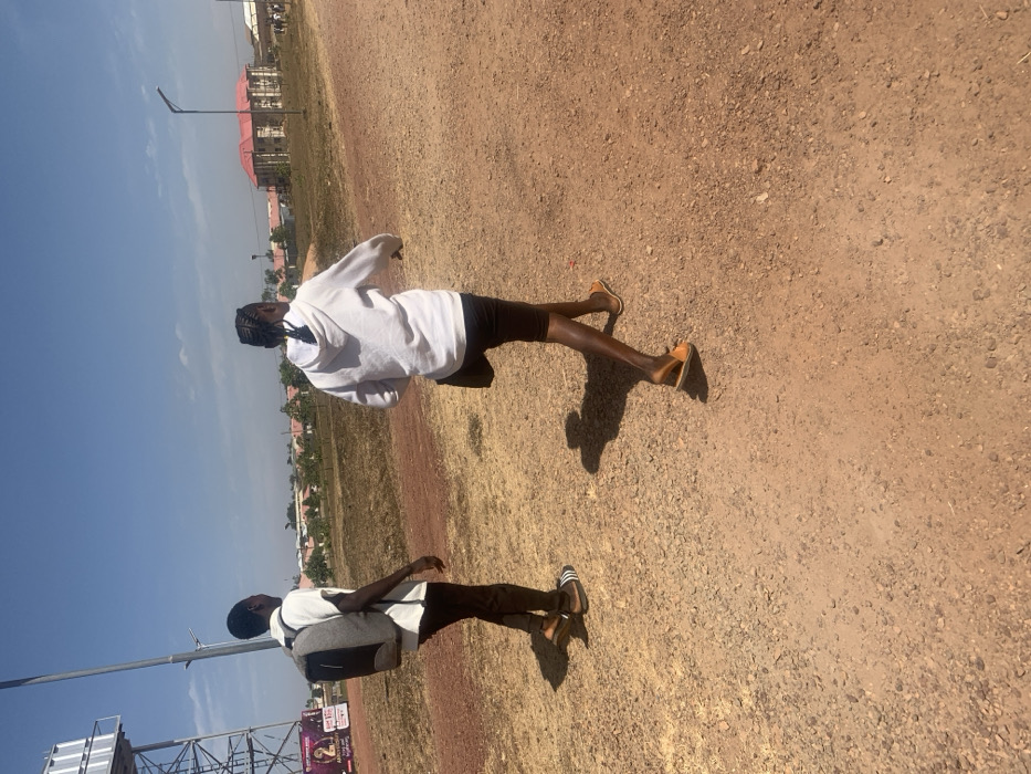 Two people walk across a rough, dirt-covered ground on a sunny day. The first person wears a white hoodie, dark shorts, and brown sandals. Their hair is braided. The second person has a gray backpack, wears a white shirt and pants, and black sneakers with white stripes. Buildings and a metal structure are visible in the background. The sky is clear and blue.
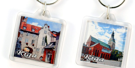 Suvenyras – plastikinis raktų pakabukas su vaizdu iš abieju pusių. Ryga: Švėdų vartai, Domo katedra.
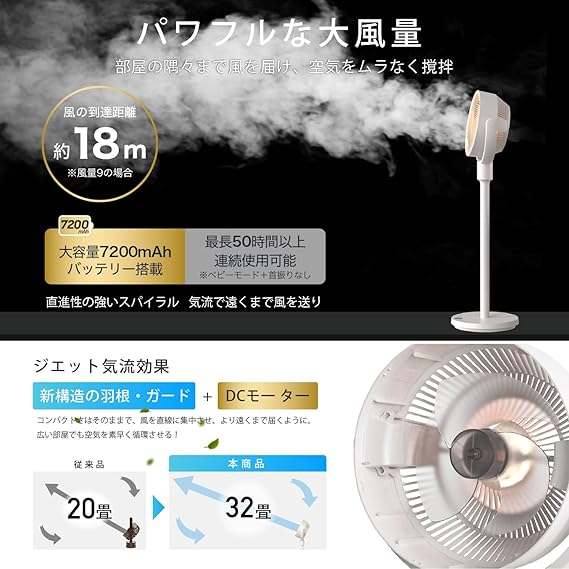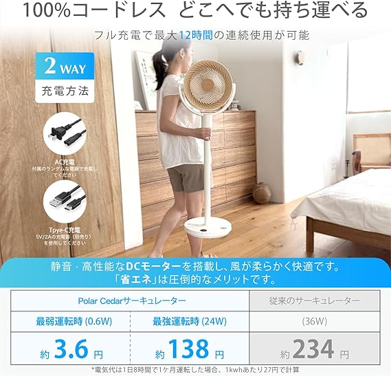 Polar Cedar サーキュレーター 扇風機 静音 22dB DCモーター 360度首振り 32畳 充電式 コードレス バッテリー搭載 上下左右 首振り 4モード 9段階風量 3段高さ調節 タイマー リモコン付き 常夜灯搭載 冷房 パワフル送風 空気循環 DC 省エネ 梅雨 部屋干し コンパクト収納 お手入れ簡単 寝室 脱衣所 トイレ キッチン 【2025年新登場 静音強風 猛暑対策】 a
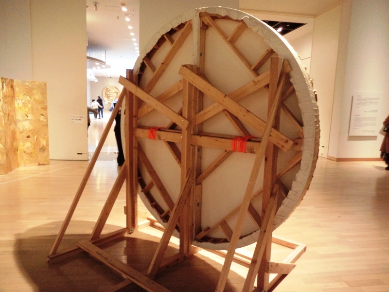 裏に回ってみると、この通りでした。円形の枠にキャンバスを張るところや、固定の仕方など、いろいろと苦心された跡が伝わってきて、別の意味で感動ものです。
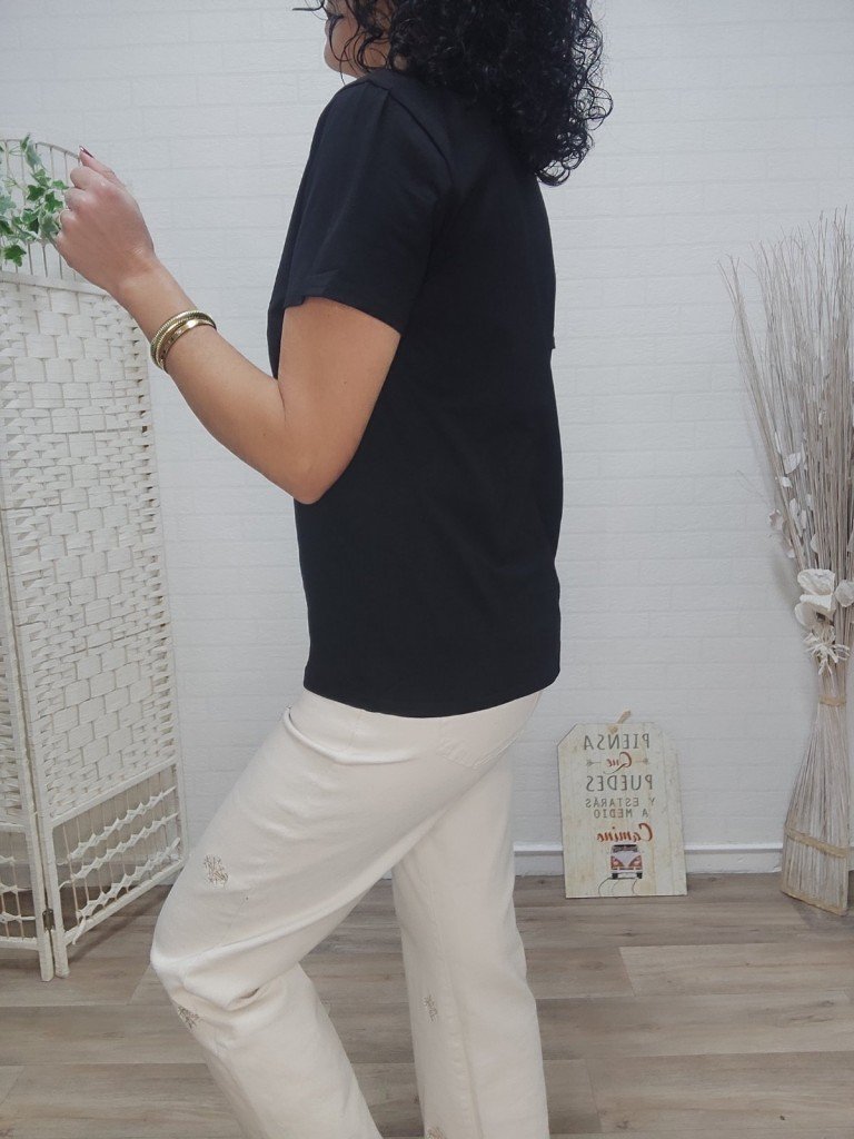 Camiseta de nueva colección, de mangas cortas lisas, con dibujo delantero bordado con forma de osito y un precioso cuello bordado.
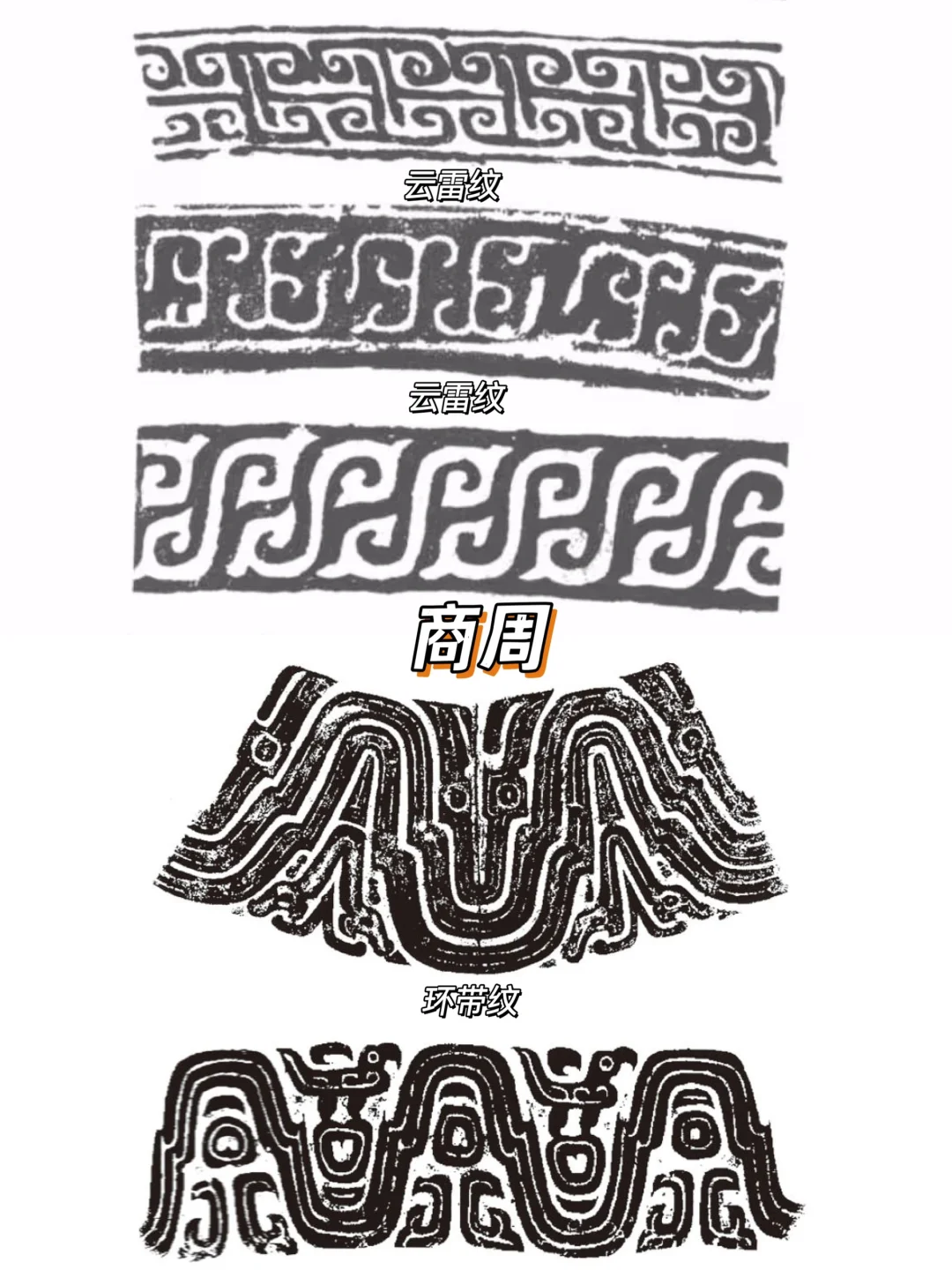 几何纹通常作为配饰存在,由方、圆两种形状组成的云雷纹使用最广,其次是鱼鳞纹、圆点纹以及形如山云的环带纹。
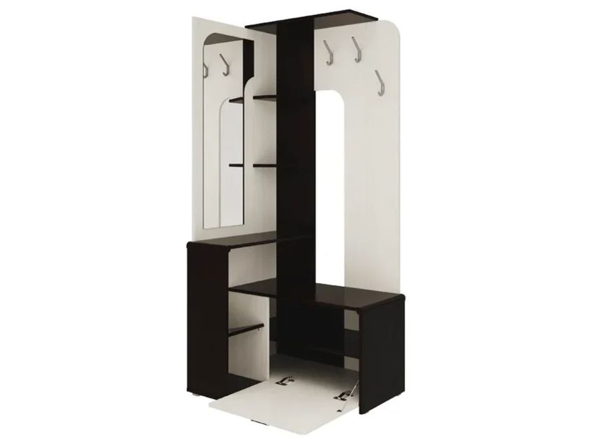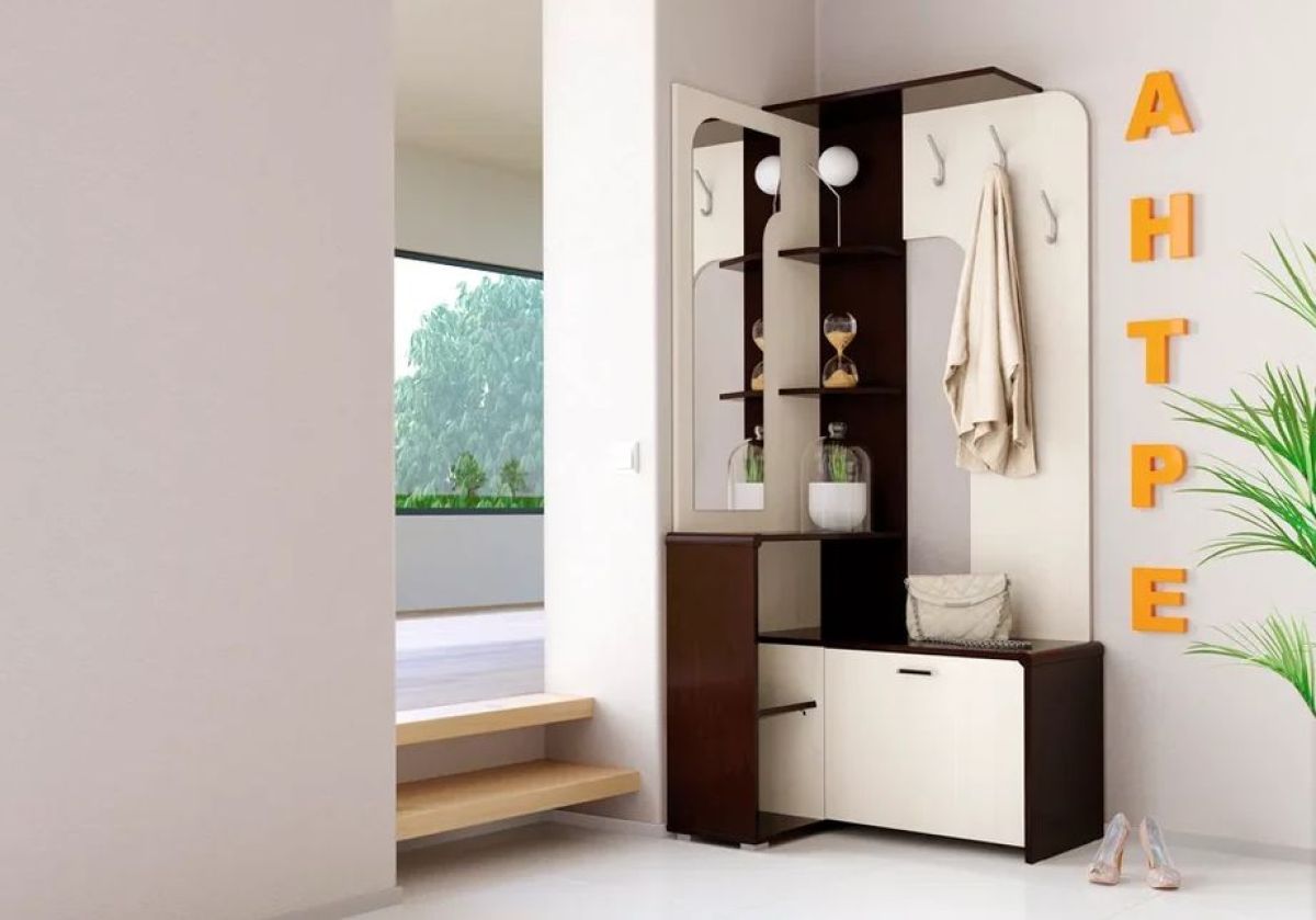 Прихожая «Антре» – компактная и достаточно вместительная прихожая с оригинальным угловым дизайном. В конструкции предусмотрено всё необходимое для хранения верхней одежды, обуви, аксессуаров.
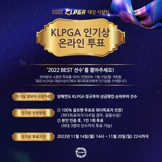 한국여자프로골프협회(이하 KLPGA)가 2022시즌 KLPGA투어 ‘인기상’ 온라인 투표를 진행한다.

################

#### AIM OF THE TASK:
There should be an exact restatement of the lines from the line with "Polar Cedar サーキュレーター" through the last line of the entries above, and no pictures in it.

#### RESPONSE TO THIS TASK:
 Polar Cedar サーキュレーター 扇風機 静音 22dB DCモーター 360度首振り 32畳 充電式 コードレス バッテリー搭載 上下左右 首振り 4モード 9段階風量 3段高さ調節 タイマー リモコン付き 常夜灯搭載 冷房 パワフル送風 空気循環 DC 省エネ 梅雨 部屋干し コンパクト収納 お手入れ簡単 寝室 脱衣所 トイレ キッチン 【2025年新登場 静音強風 猛暑対策】 a
 裏に回ってみると、この通りでした。円形の枠にキャンバスを張るところや、固定の仕方など、いろいろと苦心された跡が伝わってきて、別の意味で感動ものです。
 Camiseta de nueva colección, de mangas cortas lisas, con dibujo delantero bordado con forma de osito y un precioso cuello bordado.
 几何纹通常作为配饰存在,由方、圆两种形状组成的云雷纹使用最广,其次是鱼鳞纹、圆点纹以及形如山云的环带纹。
 Прихожая «Антре» – компактная и достаточно вместительная прихожая с оригинальным угловым дизайном. В конструкции предусмотрено всё необходимое для хранения верхней одежды, обуви, аксессуаров.
 한국여자프로골프협회(이하 KLPGA)가 2022시즌 KLPGA투어 ‘인기상’ 온라인 투표를 진행한다.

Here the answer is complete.